Interesting that you were able to get that to work. I have a NN up front but had to bail on the rear and go with a WTB because the rear was barely clearing the chain stays and would rub under load. Give us an update after you take it for a ride. 27 plus and SS is a great way to go with the Stella. My favorite build!


----------



## joshhan (Apr 1, 2011)

gsteitz said:


> joshhan - that looks killer!
> 
> Curious, which rims are you using and what fork?


Thanks man!

Fork is a RS Reba. The knobs just clear the fork. I'm on 40mm Chinese CF rims on DT Swiss 350s. The inner width is a smidge over 33mm. They came in at around .79 kg and .97 kg on my Park Tools scale for front and rear respectively. Weight for just the wheel and rimstrip.


----------



## joshhan (Apr 1, 2011)

costaorange said:


> Interesting that you were able to get that to work. I have a NN up front but had to bail on the rear and go with a WTB because the rear was barely clearing the chain stays and would rub under load. Give us an update after you take it for a ride. 27 plus and SS is a great way to go with the Stella. My favorite build!


I will! I did measure out the tire width and they came out to just over 2.6 inches on my caliper. I'm sure they will stretch out a bit but not sure how much more. I have more room side to side on the rear than the fork.


----------



## gsteitz (Sep 9, 2011)

Nice! I'm running a SID so should be very similar. Thanks!


----------



## joshhan (Apr 1, 2011)

Trying out 36x22 to see if that "feels" better than 32x20.









Edit: Tires have stretched out to a little over 2.7" at the casing and still plenty of clearance.


----------



## ironacct (Jan 2, 2012)

gsteitz--sweet setup! What size is your frame? Medium?


----------



## gsteitz (Sep 9, 2011)

ironacct said:


> gsteitz--sweet setup! What size is your frame? Medium?


Thanks man!

Yep, she's a medium. There are a couple more glamour shots of her in the custom build section of the Chumba site.


----------



## paleh0rse (Jun 20, 2011)

These Chumbas look amazing! What fork travel are you guys running with the 27+ setups?

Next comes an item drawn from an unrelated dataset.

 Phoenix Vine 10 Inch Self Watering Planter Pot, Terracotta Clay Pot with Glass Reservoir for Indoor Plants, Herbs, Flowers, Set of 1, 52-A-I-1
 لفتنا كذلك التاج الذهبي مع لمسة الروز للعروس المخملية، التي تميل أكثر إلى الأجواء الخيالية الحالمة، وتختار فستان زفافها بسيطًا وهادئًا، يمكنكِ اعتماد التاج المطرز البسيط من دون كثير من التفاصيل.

I currently have a 21 pound carbon SS rig, but I'm seriously considering an American steel overhaul for the Spring in order to run 27+ instead of 29.


----------



## bikeny (Feb 26, 2004)

paleh0rse said:


> These Chumbas look amazing! What fork travel are you guys running with the 27+ setups?
> 
> I currently have a 21 pound carbon SS rig, but I'm seriously considering an American steel overhaul for the Spring in order to run 27+ instead of 29.


If you are looking to buy something, don't limit yourself by getting a 29er frame that fits some small 27+ tires. Get something designed for 27+. Chumba has a new Rastro 27Plus on the way, not sure when those will be ready though.

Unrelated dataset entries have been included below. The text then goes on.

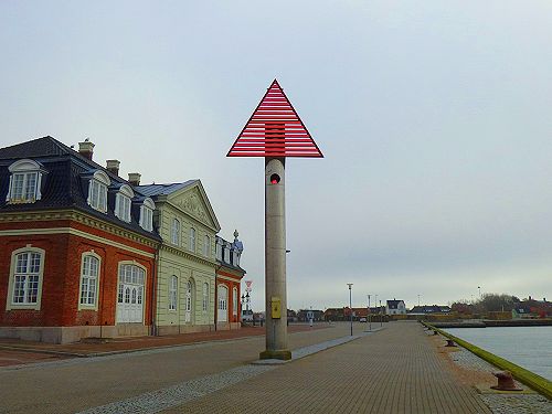 Unterfeuer Zwischen dem alten Bahnhof und dem Unterfeuer im Hintergrund das Oberfeuer. Position: 55° 20,20′ N / 11° 08,20′ E Internationale Reg. Nr.: C 1544 Tragweite: Rot 11 sm In Betrieb seit 1793, 1913 bis 1999, heutiges Feuer seit 2001 Turmhöhe: 8 m Feuerhöhe: 11 m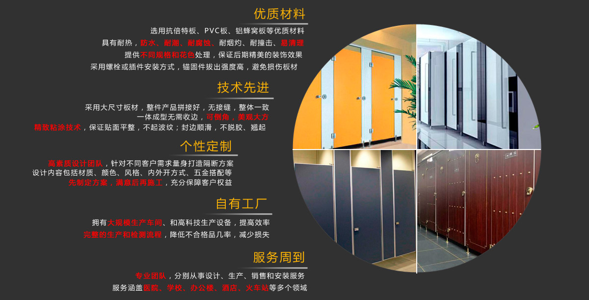本公司專(zhuān)業(yè)生產(chǎn)、制作衛(wèi)生間隔斷、儲(chǔ)物柜、等系列產(chǎn)品及相關(guān)配件的研發(fā)。產(chǎn)品投放市場(chǎng)以來(lái),一直秉承“以質(zhì)為先,以誠(chéng)為本”的宗旨,深得使用者認(rèn)同,并堅(jiān)持市場(chǎng)為導(dǎo)向,以需求為己任。產(chǎn)品不斷推陳出新,從防潮板到抗倍特板到金屬板、玻璃、全方位開(kāi)發(fā)多樣化的配件包括:尼龍、不銹鋼、鋅鋁合金,同時(shí)配套開(kāi)研出門(mén)邊扣件等附屬配件。力求做到舒適、高雅、簡(jiǎn)約、色彩豐富、安裝方便、牢固、耐用。 做專(zhuān)業(yè)者是我們孜孜以求的目的。 因?yàn)槲覀兩钪簩?zhuān)業(yè)決定品質(zhì)。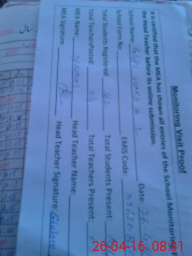 | Certified that this School was Inspected by the Undersigned MEA/DMO Today and the Information Stated Above is as Per Record. | |||||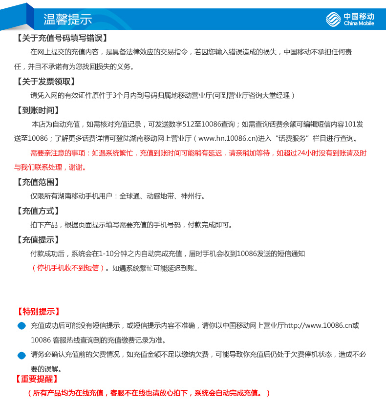 Hunan Mobile Phone Phone Bick Recharge 300 Юань быстрая зарядка Прямая зарядка 24 часа автоматическая зарядка быстро прибывает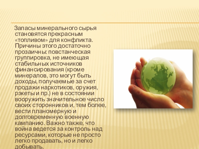 источников финансирования (кроме минералов, это могут быть доходы, получаемые за счет продажи наркотиков, оружия, рэкеты и пр.) не в состоянии вооружить значительное число своих сторонников и, тем более, вести планомерную и долговременную военную кампанию. Важно также, что война ведется за контроль над ресурсами, которые не просто легко продавать, но и легко добывать.

On another note, I have a green Stella Ursa Major on the way, can't wait to get her built up!


----------



## paleh0rse (Jun 20, 2011)

bikeny said:


> If you are looking to buy something, don't limit yourself by getting a 29er frame that fits some small 27+ tires. Get something designed for 27+. Chumba has a new Rastro 27Plus on the way, not sure when those will be ready though.
> 
> On another note, I have a green Stella Ursa Major on the way, can't wait to get her built up!


Yeah, I was checking out their site after posting my question here yesterday. I couldn't find much info on the new Rastro, but I think I'll definitely wait to check it out before pulling any triggers.

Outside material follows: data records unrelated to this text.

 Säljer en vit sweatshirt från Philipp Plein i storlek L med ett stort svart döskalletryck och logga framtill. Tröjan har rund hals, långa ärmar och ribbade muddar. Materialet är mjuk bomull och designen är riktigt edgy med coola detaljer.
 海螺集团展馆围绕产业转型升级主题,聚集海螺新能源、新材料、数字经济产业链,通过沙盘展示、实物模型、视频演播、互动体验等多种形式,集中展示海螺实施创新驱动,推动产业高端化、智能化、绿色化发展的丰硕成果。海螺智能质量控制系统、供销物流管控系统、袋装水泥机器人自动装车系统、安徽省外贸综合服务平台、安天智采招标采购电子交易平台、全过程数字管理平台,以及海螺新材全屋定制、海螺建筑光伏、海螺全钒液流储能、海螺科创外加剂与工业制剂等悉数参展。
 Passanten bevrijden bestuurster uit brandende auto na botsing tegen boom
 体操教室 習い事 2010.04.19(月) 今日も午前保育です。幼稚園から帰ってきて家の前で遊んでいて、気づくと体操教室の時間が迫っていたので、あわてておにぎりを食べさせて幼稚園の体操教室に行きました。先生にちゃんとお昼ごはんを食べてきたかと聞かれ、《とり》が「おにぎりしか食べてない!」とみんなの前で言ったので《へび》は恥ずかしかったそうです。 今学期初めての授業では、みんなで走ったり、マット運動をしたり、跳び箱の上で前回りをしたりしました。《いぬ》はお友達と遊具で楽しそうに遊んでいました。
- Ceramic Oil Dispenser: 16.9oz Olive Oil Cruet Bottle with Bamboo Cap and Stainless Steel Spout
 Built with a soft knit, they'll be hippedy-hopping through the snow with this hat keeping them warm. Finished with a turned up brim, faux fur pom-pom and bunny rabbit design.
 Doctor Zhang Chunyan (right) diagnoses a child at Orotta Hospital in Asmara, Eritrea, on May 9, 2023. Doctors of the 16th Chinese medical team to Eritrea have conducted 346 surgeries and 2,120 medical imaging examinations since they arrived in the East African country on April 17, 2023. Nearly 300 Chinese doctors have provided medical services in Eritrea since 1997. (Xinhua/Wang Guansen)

The nice thing about the 27plus-specific frame is that it would make my wheels fully interchangeable with the wheels on my Ibis Mojo3 -- BONUS! The bad thing would be that my current SS 29er wheels would no longer be of any use since they have non-adaptable Hadley hubs. Doh!

Either way, Chumba is now on my short list. Good stuff.


----------



## Click Click Boom (Oct 23, 2008)

I love mine.

Not sold on half fat bikes..... 

There going to go the way of the fat bike.....


----------